Re: Keeping program flow moving nicely



Dave Neary wrote:

Hi all,

I'm involved in writing a gnome/gtk game which has thrown up a minor problem I hope you guys can help me with.

The game has computer players of varying strengths, and it's possible for the computer to play itself. That's fine, but the way we've been handling program flow was by checking, after processing a move, whether it was the turn of a computer to move, and based on that call the function to process a move for the computer, a la
gint process_move(gint move)
{
...
    switch_players();
    if (is_computer(currentPlayer))
    {
        process_move(get_computer_move(state));
    }
    return 0;
}

This has been seizing control of the program and blocking any events whenever it's a computer move, which is a pain when we have two computers playing each other, when control never gets restored to gtk_main() until the end of the game.

We've hacked fixes to this which aren't very pretty, although they're effective. One is to process all pending gdk events before the call to process_move() above. The second was to put the check above in a function which we attached to the idle loop, so that process_move() terminates normally and without calling itself. We didn't really think either of these were ideal. The first is just hackish, and the second means that every single idle loop we're checking whether it's the computer's turn, and this makes things much more processor intensive than they should be.

We wanted a way to allow the process_move() function to terminate normally , and still get called properly every time it was the computer's turn. Due to an incomplete understanding of signal handling, I thought this could be done by writing a composite widget which added a new signal which we could emit at the end of process_move, and attaching a callback to it that would call process_move() with the computer's move. Obviously this didn't achieve the desired goal, since the signal getting emitted wa strapped, and we end up in the same cycle as the original - the callback recursively emits the signal until either the game is over, or we seg fault :) (thankfully, the former happens).
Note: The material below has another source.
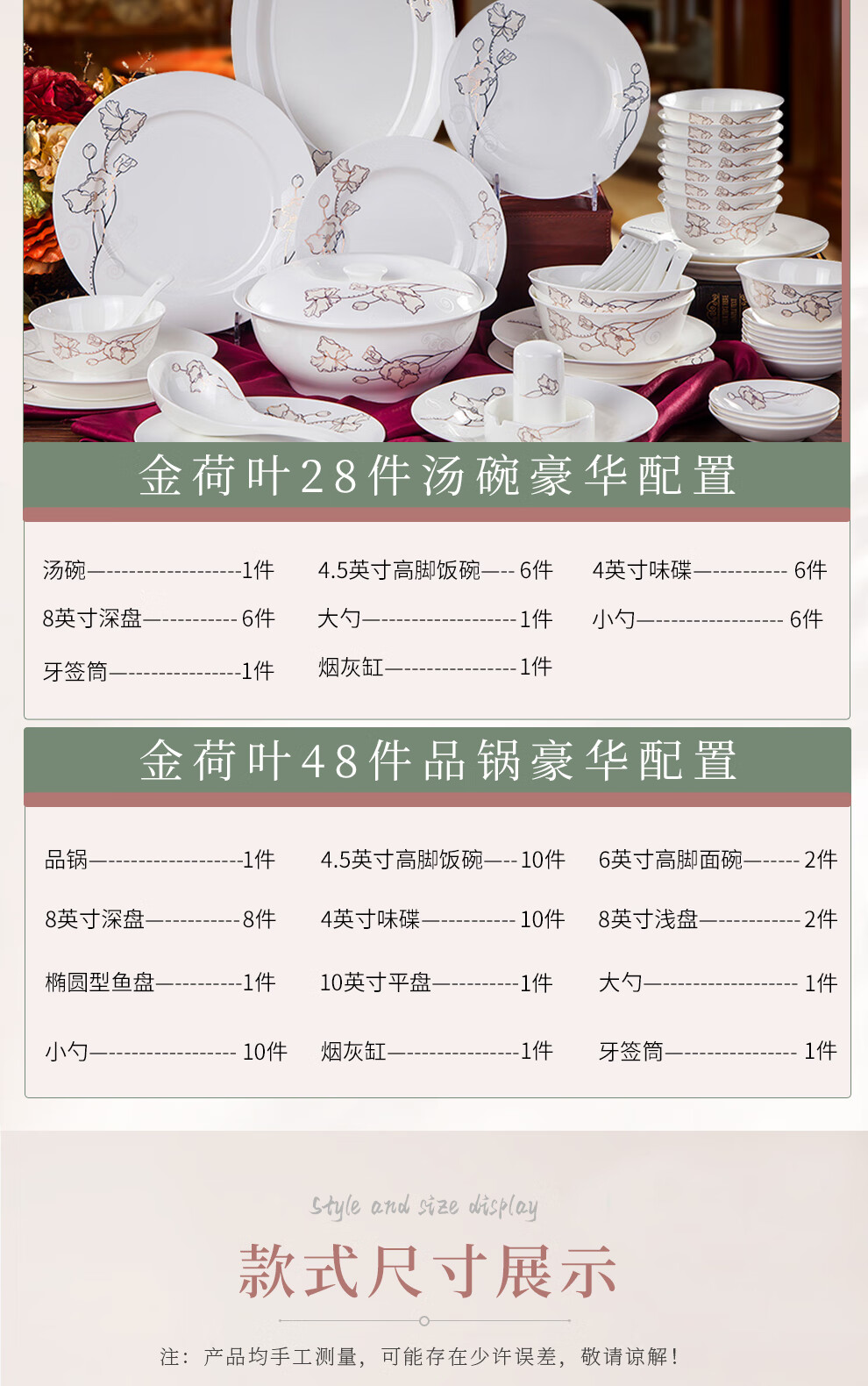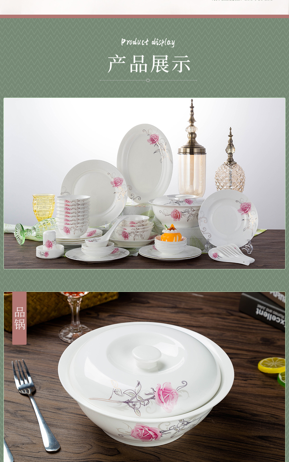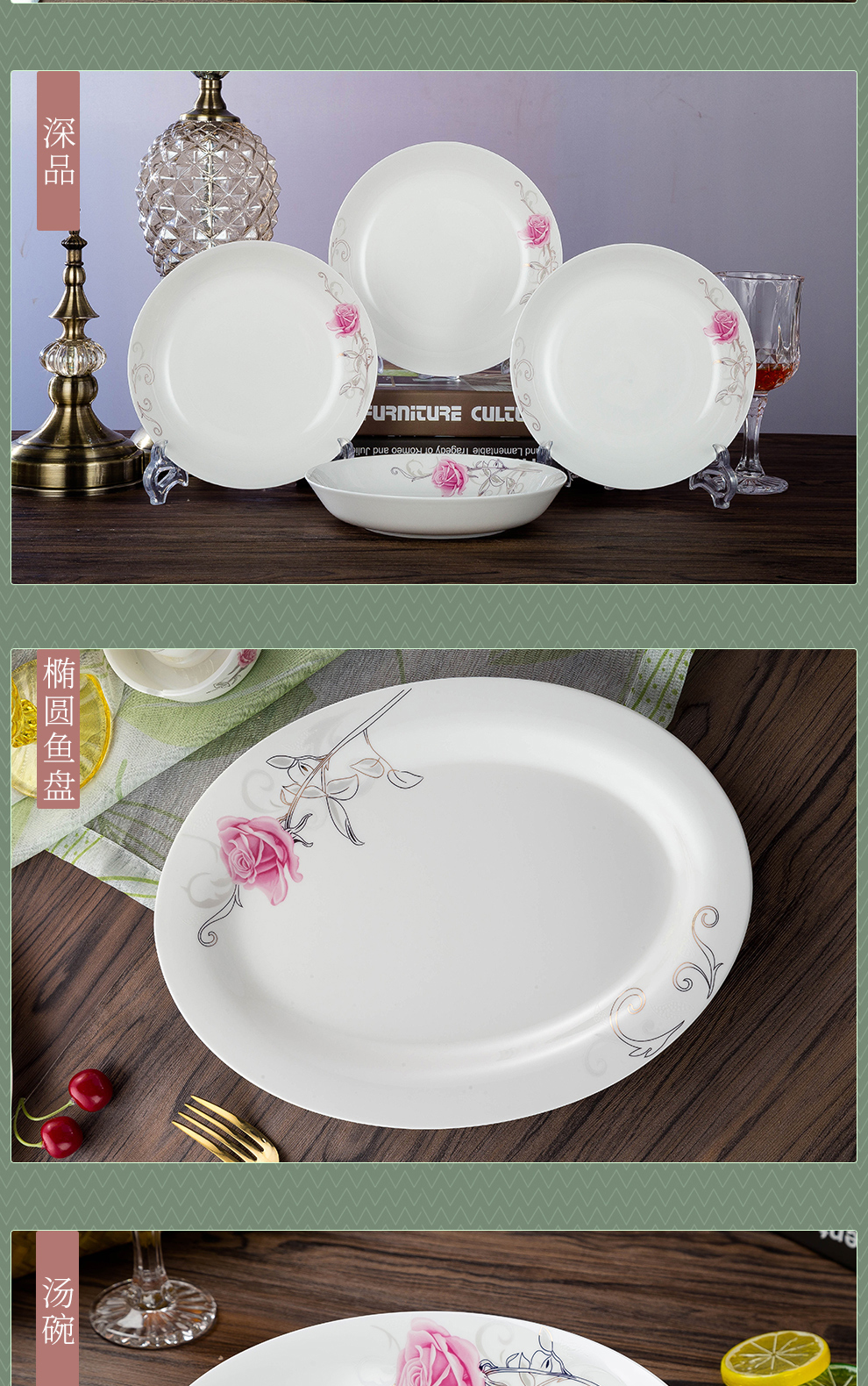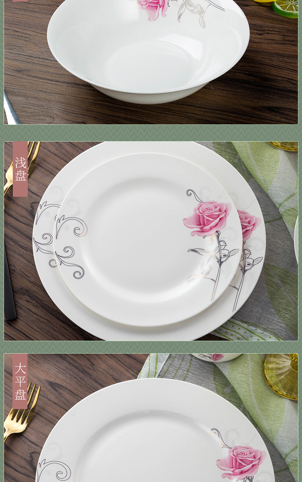 Houxiutang tableware set, bowls and plates, bone china set, Jingdezhen ceramic dish set, home use, beautiful water color, 48 pieces

What I want to know is how we can emit this signal, and get the computer's move processed, without interfering with other events that might happen in the meantime? Sorry if this mail is very long - I probably went into too much detail about what I'd done, and how I've arrived at where I'm at. My incorrect assumption about signals, by the way, way that emitting a signal would just add that signal to the queue of unprocessed signals/events, and have it handled in order.

Thanks a lot,
Dave.

Use gtk_timeout_add() to create a 'timeout' signal that gets called, say, every 100 milliseconds or so. In your handler for the timeout event you decide whose turn it is and call process_move(). The timeout event will get called frequently enough that there won't be any noticeable delay, between moves but you won't be dragging down the CPU (as you would if you used an idle handler). At the same time, normal events will continue to be processed without any intervention on your behalf, so the human user can hit pause, cancel, or whatever.